28 Şubat 2012 Salı

KÂBUS

TFF seçimleri yapılmış. Gününü unutmuşum. Akşam haberlerinde haberim oldu. Ne bir heyecan ne bir sevinç! Hiçbir şey hissetmiyorum. Beşiktaş taraftarı, Yıldırım Demirören'den kurtulmanın mutluluğu içindeyken; korkudan titreyen yöneticiler, başkanın borçları hibe etmesiyle derin bir nefes aldılar. Ne kadar büyük adam oldu şimdi, Yıldırım Demirören! Yalnız bir şartı vardı. "Gelecek olan diğer başkanlar da alacaklarını hibe etsinler" dedi. Düşünüyorum, bir türlü mantıklı bir açıklama bulamıyorum. Bir insan nasıl bu kadar yüzsüz olabilir? Hiç mi kişisel muhakemede bulunmaz?

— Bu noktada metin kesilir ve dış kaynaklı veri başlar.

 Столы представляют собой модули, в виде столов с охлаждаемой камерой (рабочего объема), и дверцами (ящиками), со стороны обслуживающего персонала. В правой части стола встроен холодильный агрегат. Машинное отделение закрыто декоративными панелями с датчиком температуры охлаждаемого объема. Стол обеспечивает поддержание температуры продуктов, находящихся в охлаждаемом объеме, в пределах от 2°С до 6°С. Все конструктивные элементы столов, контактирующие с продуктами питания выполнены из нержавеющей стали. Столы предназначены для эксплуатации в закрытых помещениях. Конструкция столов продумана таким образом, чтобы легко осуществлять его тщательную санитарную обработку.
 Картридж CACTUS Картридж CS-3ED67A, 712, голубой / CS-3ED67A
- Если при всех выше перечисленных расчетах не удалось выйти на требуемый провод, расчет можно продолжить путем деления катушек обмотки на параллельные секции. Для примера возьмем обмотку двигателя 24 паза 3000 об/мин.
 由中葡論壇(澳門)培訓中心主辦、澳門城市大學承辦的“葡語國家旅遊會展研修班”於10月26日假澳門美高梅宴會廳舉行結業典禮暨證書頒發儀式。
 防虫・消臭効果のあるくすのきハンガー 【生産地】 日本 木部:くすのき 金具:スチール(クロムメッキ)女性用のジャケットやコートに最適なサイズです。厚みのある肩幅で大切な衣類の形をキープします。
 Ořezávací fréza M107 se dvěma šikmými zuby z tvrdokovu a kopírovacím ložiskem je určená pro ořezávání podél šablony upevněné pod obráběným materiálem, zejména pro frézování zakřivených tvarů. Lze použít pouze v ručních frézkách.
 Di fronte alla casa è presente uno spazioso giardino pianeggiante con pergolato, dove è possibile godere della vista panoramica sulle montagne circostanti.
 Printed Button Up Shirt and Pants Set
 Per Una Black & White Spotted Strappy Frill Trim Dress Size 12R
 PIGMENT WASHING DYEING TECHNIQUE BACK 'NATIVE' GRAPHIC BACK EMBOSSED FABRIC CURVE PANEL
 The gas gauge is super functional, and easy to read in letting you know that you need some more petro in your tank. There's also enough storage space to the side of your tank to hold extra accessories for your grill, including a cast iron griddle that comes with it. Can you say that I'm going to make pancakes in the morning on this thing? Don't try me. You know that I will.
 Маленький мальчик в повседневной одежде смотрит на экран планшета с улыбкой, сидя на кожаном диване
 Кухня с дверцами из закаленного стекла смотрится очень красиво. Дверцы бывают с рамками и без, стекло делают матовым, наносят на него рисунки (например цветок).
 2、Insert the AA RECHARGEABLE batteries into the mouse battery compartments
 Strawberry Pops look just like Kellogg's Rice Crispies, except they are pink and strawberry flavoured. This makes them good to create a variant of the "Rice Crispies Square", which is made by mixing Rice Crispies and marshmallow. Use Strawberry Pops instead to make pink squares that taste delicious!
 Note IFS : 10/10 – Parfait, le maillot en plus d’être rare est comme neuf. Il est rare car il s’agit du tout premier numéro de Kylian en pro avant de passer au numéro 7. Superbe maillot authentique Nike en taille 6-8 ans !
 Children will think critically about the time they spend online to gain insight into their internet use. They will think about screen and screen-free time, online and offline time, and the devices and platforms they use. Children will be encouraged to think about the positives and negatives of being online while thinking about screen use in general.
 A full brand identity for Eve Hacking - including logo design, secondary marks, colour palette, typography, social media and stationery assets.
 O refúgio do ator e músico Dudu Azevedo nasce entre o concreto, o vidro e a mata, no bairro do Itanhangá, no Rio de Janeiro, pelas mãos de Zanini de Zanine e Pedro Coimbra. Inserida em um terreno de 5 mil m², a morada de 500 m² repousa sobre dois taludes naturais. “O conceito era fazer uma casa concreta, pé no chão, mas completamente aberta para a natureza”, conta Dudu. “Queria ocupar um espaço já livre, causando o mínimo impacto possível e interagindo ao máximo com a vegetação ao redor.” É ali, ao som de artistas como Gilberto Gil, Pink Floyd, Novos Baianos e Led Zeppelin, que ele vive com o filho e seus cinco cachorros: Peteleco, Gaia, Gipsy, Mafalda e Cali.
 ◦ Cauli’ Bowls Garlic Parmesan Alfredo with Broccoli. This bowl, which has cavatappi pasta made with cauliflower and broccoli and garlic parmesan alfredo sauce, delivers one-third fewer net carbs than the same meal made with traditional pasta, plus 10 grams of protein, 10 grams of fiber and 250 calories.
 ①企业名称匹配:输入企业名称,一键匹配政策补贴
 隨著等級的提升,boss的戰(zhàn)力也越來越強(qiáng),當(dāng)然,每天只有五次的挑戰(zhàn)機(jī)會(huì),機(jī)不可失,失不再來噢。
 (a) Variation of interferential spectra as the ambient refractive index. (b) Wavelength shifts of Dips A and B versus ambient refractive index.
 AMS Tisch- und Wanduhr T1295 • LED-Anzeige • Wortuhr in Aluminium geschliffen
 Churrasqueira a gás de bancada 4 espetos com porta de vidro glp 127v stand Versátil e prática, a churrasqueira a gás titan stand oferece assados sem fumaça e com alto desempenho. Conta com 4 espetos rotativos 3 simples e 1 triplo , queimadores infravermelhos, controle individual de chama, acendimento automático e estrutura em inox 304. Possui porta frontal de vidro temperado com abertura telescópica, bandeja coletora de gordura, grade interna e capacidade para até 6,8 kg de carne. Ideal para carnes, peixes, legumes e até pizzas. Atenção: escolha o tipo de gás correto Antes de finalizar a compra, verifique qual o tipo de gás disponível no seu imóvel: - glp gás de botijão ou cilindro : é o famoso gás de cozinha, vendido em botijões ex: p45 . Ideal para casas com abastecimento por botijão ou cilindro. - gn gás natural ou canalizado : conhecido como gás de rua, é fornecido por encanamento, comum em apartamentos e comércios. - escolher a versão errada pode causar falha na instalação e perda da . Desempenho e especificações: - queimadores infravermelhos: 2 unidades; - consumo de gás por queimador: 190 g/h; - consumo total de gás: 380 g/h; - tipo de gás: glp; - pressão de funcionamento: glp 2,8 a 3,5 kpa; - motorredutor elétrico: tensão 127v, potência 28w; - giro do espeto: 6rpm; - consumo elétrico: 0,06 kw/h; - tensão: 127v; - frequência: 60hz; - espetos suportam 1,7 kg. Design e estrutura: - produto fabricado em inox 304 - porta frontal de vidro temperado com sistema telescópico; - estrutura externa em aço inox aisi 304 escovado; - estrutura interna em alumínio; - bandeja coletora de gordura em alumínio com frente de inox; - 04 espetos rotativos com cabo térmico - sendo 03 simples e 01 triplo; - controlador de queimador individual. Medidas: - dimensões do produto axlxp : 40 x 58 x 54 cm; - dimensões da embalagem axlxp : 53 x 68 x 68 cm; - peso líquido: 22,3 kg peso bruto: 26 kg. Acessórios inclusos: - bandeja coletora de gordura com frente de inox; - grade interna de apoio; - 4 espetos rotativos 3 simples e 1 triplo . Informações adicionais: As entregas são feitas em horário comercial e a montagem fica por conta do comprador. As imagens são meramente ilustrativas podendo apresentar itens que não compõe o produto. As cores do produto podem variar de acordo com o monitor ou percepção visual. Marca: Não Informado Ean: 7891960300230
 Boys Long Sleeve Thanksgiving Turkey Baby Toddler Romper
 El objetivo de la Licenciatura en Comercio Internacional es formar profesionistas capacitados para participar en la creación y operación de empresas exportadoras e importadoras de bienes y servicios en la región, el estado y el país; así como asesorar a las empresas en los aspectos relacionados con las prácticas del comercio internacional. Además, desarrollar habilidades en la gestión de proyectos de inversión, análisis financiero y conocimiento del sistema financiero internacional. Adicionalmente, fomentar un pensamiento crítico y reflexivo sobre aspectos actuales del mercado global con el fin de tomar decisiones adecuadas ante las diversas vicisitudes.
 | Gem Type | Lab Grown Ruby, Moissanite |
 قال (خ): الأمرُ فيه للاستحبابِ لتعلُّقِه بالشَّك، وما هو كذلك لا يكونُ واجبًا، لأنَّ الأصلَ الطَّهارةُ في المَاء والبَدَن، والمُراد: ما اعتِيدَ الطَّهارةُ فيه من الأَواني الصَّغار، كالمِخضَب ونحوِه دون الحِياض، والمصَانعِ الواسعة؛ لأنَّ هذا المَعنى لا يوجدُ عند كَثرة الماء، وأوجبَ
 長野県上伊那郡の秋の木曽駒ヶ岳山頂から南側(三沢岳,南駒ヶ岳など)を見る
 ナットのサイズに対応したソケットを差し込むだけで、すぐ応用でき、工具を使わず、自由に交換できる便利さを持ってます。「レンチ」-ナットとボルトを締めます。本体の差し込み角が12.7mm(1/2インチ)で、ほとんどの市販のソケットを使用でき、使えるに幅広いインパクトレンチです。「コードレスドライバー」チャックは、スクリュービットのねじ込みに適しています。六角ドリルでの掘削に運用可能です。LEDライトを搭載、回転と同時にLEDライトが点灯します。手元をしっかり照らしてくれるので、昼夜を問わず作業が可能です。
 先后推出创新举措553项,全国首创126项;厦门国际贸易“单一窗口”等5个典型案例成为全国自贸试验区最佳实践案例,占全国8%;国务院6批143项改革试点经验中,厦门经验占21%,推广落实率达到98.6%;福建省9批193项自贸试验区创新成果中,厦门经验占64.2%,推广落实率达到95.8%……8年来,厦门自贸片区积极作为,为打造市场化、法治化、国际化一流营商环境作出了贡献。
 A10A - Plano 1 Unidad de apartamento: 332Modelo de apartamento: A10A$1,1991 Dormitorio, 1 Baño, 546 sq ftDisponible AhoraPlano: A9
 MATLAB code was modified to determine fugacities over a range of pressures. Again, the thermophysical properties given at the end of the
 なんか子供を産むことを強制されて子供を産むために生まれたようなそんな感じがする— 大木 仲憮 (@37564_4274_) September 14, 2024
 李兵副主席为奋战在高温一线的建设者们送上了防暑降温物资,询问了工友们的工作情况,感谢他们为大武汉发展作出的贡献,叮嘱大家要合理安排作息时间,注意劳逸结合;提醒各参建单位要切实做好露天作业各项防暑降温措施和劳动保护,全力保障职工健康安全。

Beşiktaş'taki başkanlığı döneminde yaptıkları ortada olan Yıldırım Demirören, büyük ihtimalle gece rüyasında gördüğü ak sakallı dedenin nasihatleri üzerine federasyon başkanı olmaya karar verdi. Bu arada, başkanlığı süresince Beşiktaş'a "hibe" ettiği parayı muhasebesel olarak nasıl göstermesi gerektiğini de o sırada öğrenmiştir. Gerçi onu Ankara'ya yaptığı son ziyarette gerekli mercilere sormuştur. Türk futbolunu nasıl kurtaracağına dair ayrıntıları da aradan çıkartmıştır.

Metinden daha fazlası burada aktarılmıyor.